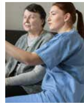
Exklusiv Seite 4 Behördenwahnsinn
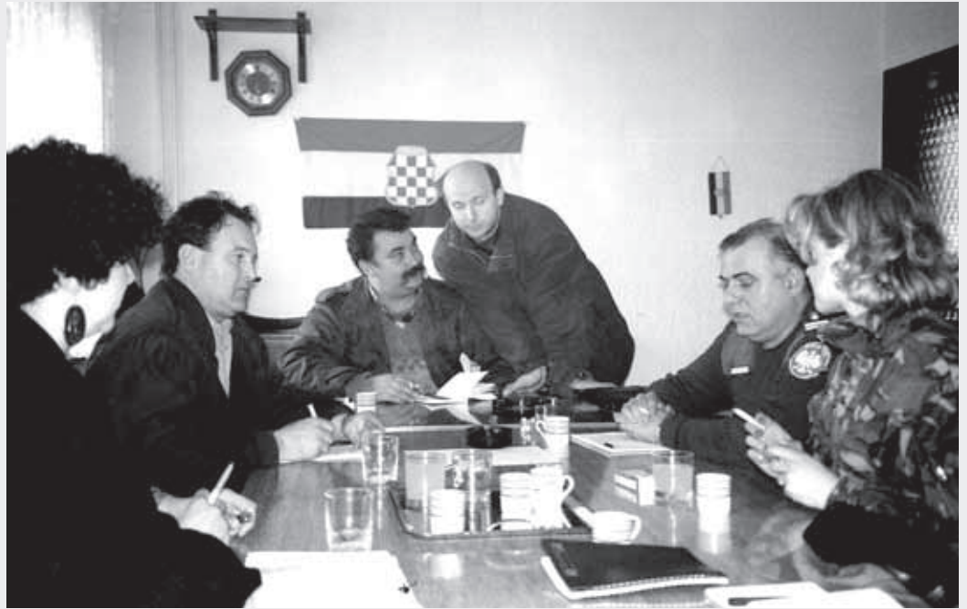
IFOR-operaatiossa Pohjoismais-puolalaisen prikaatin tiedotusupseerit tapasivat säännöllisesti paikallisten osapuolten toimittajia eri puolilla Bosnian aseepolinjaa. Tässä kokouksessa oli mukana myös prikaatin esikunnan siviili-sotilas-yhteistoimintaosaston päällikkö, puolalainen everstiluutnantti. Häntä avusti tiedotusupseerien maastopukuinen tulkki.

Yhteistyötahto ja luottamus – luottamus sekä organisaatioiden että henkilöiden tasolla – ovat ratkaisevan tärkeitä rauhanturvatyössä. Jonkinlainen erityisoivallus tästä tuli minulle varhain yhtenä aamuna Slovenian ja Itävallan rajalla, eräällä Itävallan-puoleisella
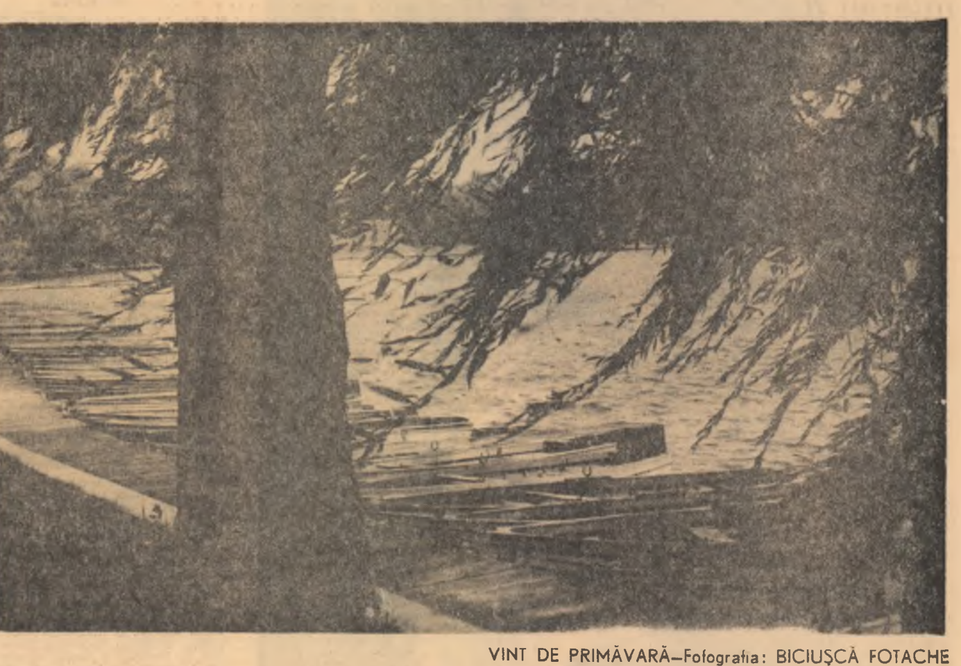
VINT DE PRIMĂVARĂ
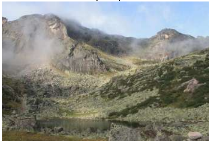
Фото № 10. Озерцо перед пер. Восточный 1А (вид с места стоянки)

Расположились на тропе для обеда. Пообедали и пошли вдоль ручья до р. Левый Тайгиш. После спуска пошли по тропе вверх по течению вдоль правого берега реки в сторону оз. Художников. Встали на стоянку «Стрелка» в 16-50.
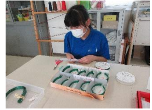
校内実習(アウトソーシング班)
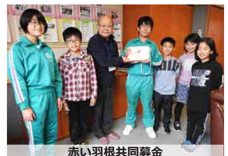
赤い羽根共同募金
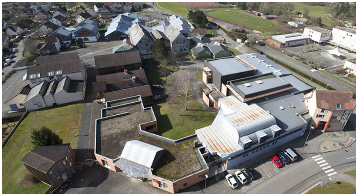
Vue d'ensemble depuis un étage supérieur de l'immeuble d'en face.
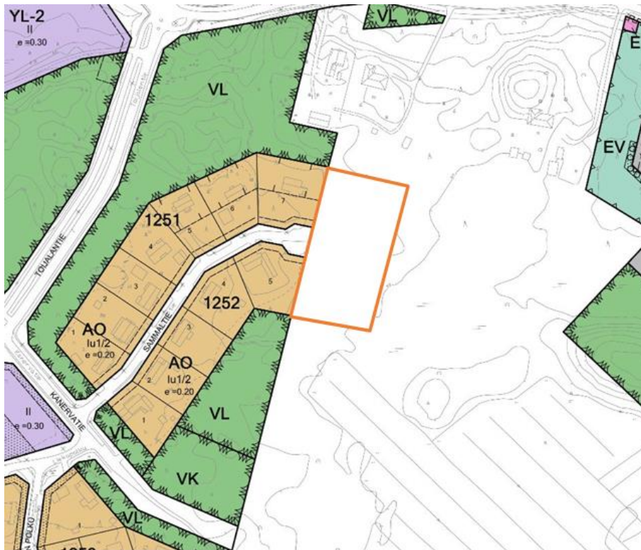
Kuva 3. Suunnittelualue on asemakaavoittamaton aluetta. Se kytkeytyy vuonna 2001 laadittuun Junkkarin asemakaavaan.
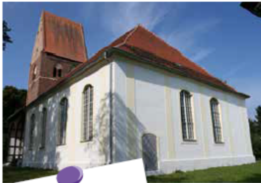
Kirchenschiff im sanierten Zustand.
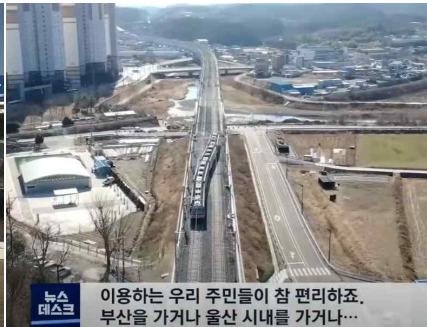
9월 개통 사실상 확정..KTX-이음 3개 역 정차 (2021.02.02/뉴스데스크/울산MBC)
********************
What you need to do
Where a picture appears, omit it; otherwise reproduce each line above from the first to the one with "IFOR-operaatiossa Pohjoismais-puolalaisen prikaatin", inclusive.

Answer to the problem
Exklusiv Seite 4 Behördenwahnsinn
IFOR-operaatiossa Pohjoismais-puolalaisen prikaatin tiedotusupseerit tapasivat säännöllisesti paikallisten osapuolten toimittajia eri puolilla Bosnian aseepolinjaa. Tässä kokouksessa oli mukana myös prikaatin esikunnan siviili-sotilas-yhteistoimintaosaston päällikkö, puolalainen everstiluutnantti. Häntä avusti tiedotusupseerien maastopukuinen tulkki.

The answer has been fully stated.